- Information supplied -

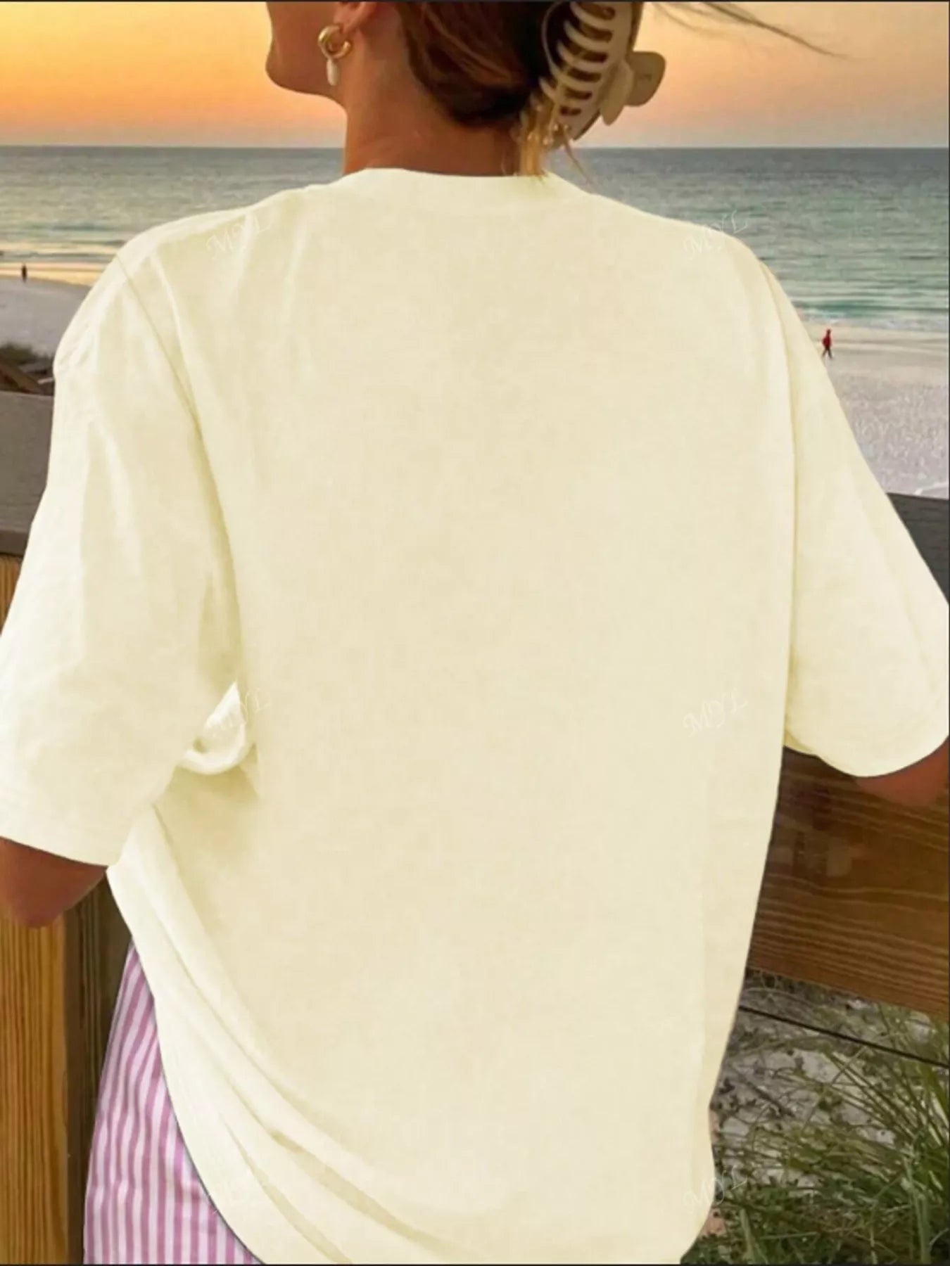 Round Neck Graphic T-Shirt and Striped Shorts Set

---

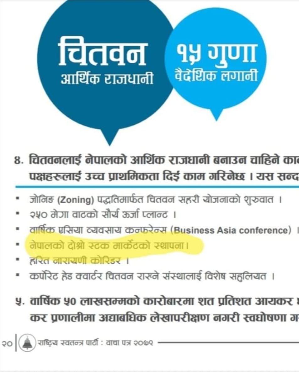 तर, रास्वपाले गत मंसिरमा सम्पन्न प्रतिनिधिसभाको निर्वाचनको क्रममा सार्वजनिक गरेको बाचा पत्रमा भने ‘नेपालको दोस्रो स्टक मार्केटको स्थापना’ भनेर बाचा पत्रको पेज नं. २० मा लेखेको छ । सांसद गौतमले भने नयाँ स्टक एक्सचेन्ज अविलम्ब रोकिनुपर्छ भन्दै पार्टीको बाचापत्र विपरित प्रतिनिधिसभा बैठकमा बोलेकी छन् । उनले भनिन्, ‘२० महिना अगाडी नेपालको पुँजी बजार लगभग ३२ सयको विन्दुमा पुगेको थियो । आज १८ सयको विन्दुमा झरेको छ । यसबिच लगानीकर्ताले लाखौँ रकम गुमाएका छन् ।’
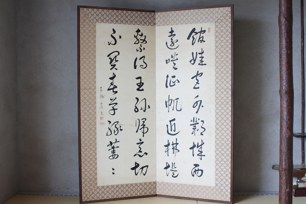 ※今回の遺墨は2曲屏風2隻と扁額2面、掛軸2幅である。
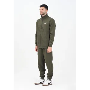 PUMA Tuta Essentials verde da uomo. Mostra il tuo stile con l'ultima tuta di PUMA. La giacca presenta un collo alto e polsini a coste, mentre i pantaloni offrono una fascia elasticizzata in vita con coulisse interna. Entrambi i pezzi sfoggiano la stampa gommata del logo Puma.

- What to produce -
Using the records above, print exactly the run of lines that starts with the line with "तर, रास्वपाले गत" and goes on through the line with "PUMA Tuta Essentials", pictures excluded.

- Result for this task -
 तर, रास्वपाले गत मंसिरमा सम्पन्न प्रतिनिधिसभाको निर्वाचनको क्रममा सार्वजनिक गरेको बाचा पत्रमा भने ‘नेपालको दोस्रो स्टक मार्केटको स्थापना’ भनेर बाचा पत्रको पेज नं. २० मा लेखेको छ । सांसद गौतमले भने नयाँ स्टक एक्सचेन्ज अविलम्ब रोकिनुपर्छ भन्दै पार्टीको बाचापत्र विपरित प्रतिनिधिसभा बैठकमा बोलेकी छन् । उनले भनिन्, ‘२० महिना अगाडी नेपालको पुँजी बजार लगभग ३२ सयको विन्दुमा पुगेको थियो । आज १८ सयको विन्दुमा झरेको छ । यसबिच लगानीकर्ताले लाखौँ रकम गुमाएका छन् ।’
 ※今回の遺墨は2曲屏風2隻と扁額2面、掛軸2幅である。
 PUMA Tuta Essentials verde da uomo. Mostra il tuo stile con l'ultima tuta di PUMA. La giacca presenta un collo alto e polsini a coste, mentre i pantaloni offrono una fascia elasticizzata in vita con coulisse interna. Entrambi i pezzi sfoggiano la stampa gommata del logo Puma.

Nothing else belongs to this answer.